Glendy, 14 ans, est entré dans son bureau avec 10 crises par jour en raison d’une encéphalite auto-immune. Avant de voir le Dr Alzamora, elle était à un moment donné dans le coma médical depuis 45 jours. Elle a également contracté une hépatite d’origine médicamenteuse, causée par des médicaments qui lui avaient été prescrits.

Les parents de Glendy ont acheté de l’huile de CBD aux États-Unis, ce qui a permis de réduire les crises. Cependant, acheter de l’huile de CBD importée n’était pas financièrement viable pour la famille, alors le Dr Alzamora a trouvé une source locale d’huile de CBD. Ou c’est ce qu’il pensait.

«Les cannabinoïdes acides ouvrent tout un spectre de possibilités thérapeutiques.» – Dr Max Alzamora

Il s’avère que l’huile de CBD n’avait pas été décarboxylée et que Glendy prenait en fait du CBDA. Cela a été confirmé plus tard lorsque l’huile a été envoyée pour analyse dans un laboratoire californien. Et devinez quoi – ses crises ont encore diminué. En fait, au dernier décompte, Glendy, maintenant 16 ans, n’a que dix crises par an et ne prend plus de médicaments antiépileptiques pharmaceutiques. Son développement cognitif, son anxiété, son comportement autistique et sa qualité de vie globale se sont tous nettement améliorés depuis le passage à l’huile CBDA.

«Alors que j’obtenais déjà de bons résultats chez mes patients avec des traitements aux cannabinoïdes contenant du THC et du CBD», explique le Dr Alzamora, «le CBDA a été particulièrement efficace dans le traitement de l’épilepsie, de la maladie de Parkinson et des conditions inflammatoires. Pour moi, les cannabinoïdes acides ouvrent tout un spectre de possibilités thérapeutiques.

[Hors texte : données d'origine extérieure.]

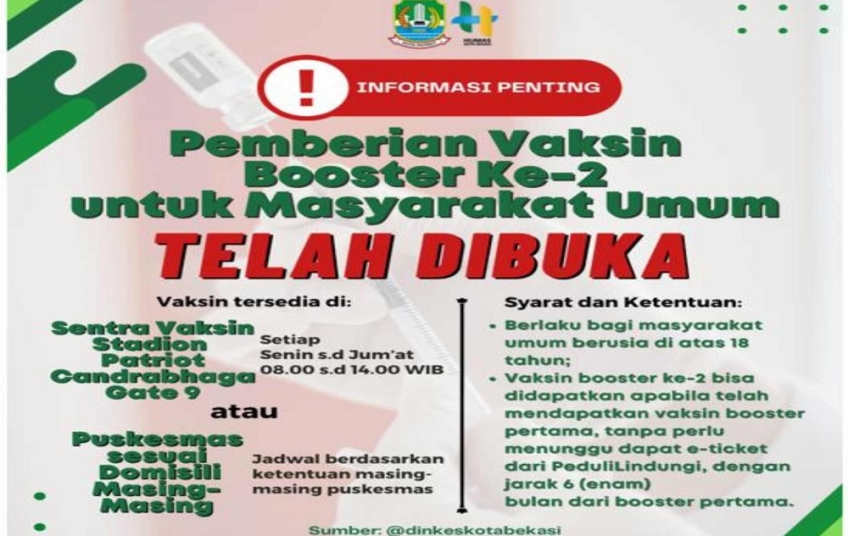 Lognews201.com, Bekasi  -  Pemerintah Kota Bekasi, Senin - Jumat pada pukul 08.00-14.00 WIB, membuka layanan vaksinasi booster ke-2 di Stadion Patriot Candrabhaga Gate 9 Kota Bekasi dan puskesmas sesuai domisili masing-masing.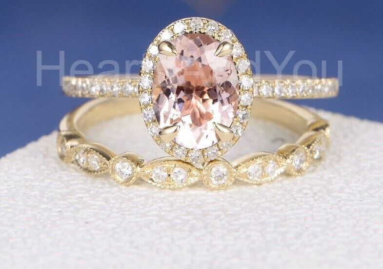 2.5ct Oval Cut Simulated Morganite Milgrain Halo Bridal Set 14k Rose Gold Plated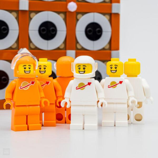 Le torse blanc est celui déjà vu dans les sets The LEGO Movie 2 70841 Benny's Space Squad et LEGO ICONS 10497 Galaxy Explorer. Toutes les figurines ont la même tête, un éléments très courant notamment dans les gammes CITY ou encore Speed Champions.

Mais les scientifiques médicaux ont encore beaucoup à apprendre sur les multiples mécanismes d’action du CBDA en ce qui concerne l’épilepsie et d’autres conditions. «Personnellement, je rassemblerai plus de preuves qui, je l’espère, profiteront aux patients», affirme Alzamora.

CBDA anti-inflammatoire

Avec l’épilepsie de Glendy causée par une maladie auto-immune, il est possible que sa réponse positive au CBDA soit en partie attribuable à l’action anti-inflammatoire du cannabinoïde acide, qui peut se produire en raison de son rôle d’inhibiteur sélectif de la Cox-2.5

Il existe deux types d’enzymes Cyclooxygénase (Cox): Cox-1 maintient la muqueuse normale de l’estomac et des intestins, et Cox-2 a un effet pro-inflammatoire. Les anti-inflammatoires non stéroïdiens, tels que l’aspirine et l’ibuprofène, inhibent les enzymes Cox-1 et Cox-2. En inhibant Cox-1, l’utilisation à long terme de ces médicaments en vente libre peut entraîner des complications gastro-intestinales majeures.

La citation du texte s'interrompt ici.